Читаем без скачивания От Пушкина до Пушкинского дома: очерки исторической поэтики русского романа - Светлана Пискунова
Шрифт:
Интервал:
Закладка:
Восходящее к книге К. В. Мочульского, распространенное в критике представление о «единодержавии» героя романа «Идиот» (необходимое условие «христоцентризма») порождено несоответствием реликтового «единоличного» названия романа, сохранившегося от в корне изменившегося первоначального замысла, и его реальной многогеройностью. Обычно мысль о том, что целое романа держится на фигуре князя, подкрепляется обрываемым на полуслове известным признанием писателя, содержащимся в письме А. Н. Майкову от 31 декабря 1867 года (12 января 1868): «Но целое? Но герой? Потому что целое у меня выходит в виде героя. Так поставилось…» (28, кн. 2, 241). Однако пафос письма заключается не столько в отождествлении романного целого и героя (в этом ни для автора письма, ни для адресата нет ничего нового: такой принцип построения Достоевским был выдержан в «Преступлении и наказании»), а в последующем признании: «И, вообразите, какие, сами собой, вышли ужасы: оказалось, что кроме героя, есть и героиня, а стало быть, ДВА ГЕРОЯ! И кроме этих героев есть еще два характера – совершенно главных, то есть почти героев… Из четырех героев – два обозначены в душе у меня крепко, один еще совершенно не обозначился, а четвертый, т. е. главный, т. е. первый герой – чрезвычайно слаб…» (там же). Из письма явственно следует, что «держателем» единства романа изначально оказывается не один Мышкин. По крайней мере, не он один.
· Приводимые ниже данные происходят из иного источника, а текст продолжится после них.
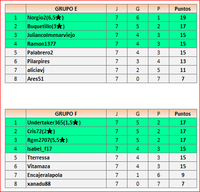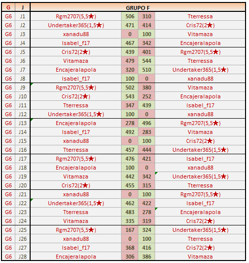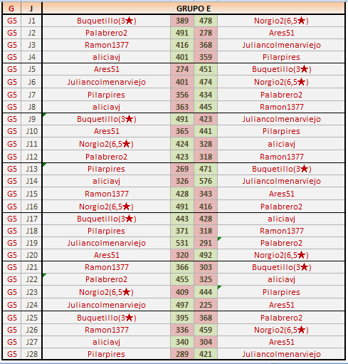 Deja un comentarioEn está página se irán publicando los resultados de las diferentes partidas, siendo ambos jugadores responsables de subirlos o de comprobar que ya hayan sido publicados, insertando un COMENTARIO en la parte inferior de la pantalla (opción “Deja tu comentario”), indicando el nombre de los dos jugadores y los puntos obtenidos en la partida.

Достоевский ясно сознает, что при наличии главного героя, целое романа держится не на нем одном, а, по меньшей мере, еще на троих героях, на всех четверых. В конечном счете, на тех самых, которые в кульминационный – непосредственно ведущий к трагической развязке – момент развития действия во второй половине романа сойдутся в доме Дарьи Алексеевны в Павловске: «…поджидавший Рогожин впустил князя и Аглаю и запер за ними дверь. „Во всем доме никого теперь, кроме нас вчетвером“, – заметил он вслух и странно посмотрел на князя…» (468). Между ними – четырьмя – все и решится. Развитие взаимоотношений фигурирующих в вершинах квадрата лиц58 и создает динамику «главного сюжета» романа, какие бы эзотерические смыслы исследователи в эту формулу Достоевского из подготовительных материалов к роману ни вкладывали.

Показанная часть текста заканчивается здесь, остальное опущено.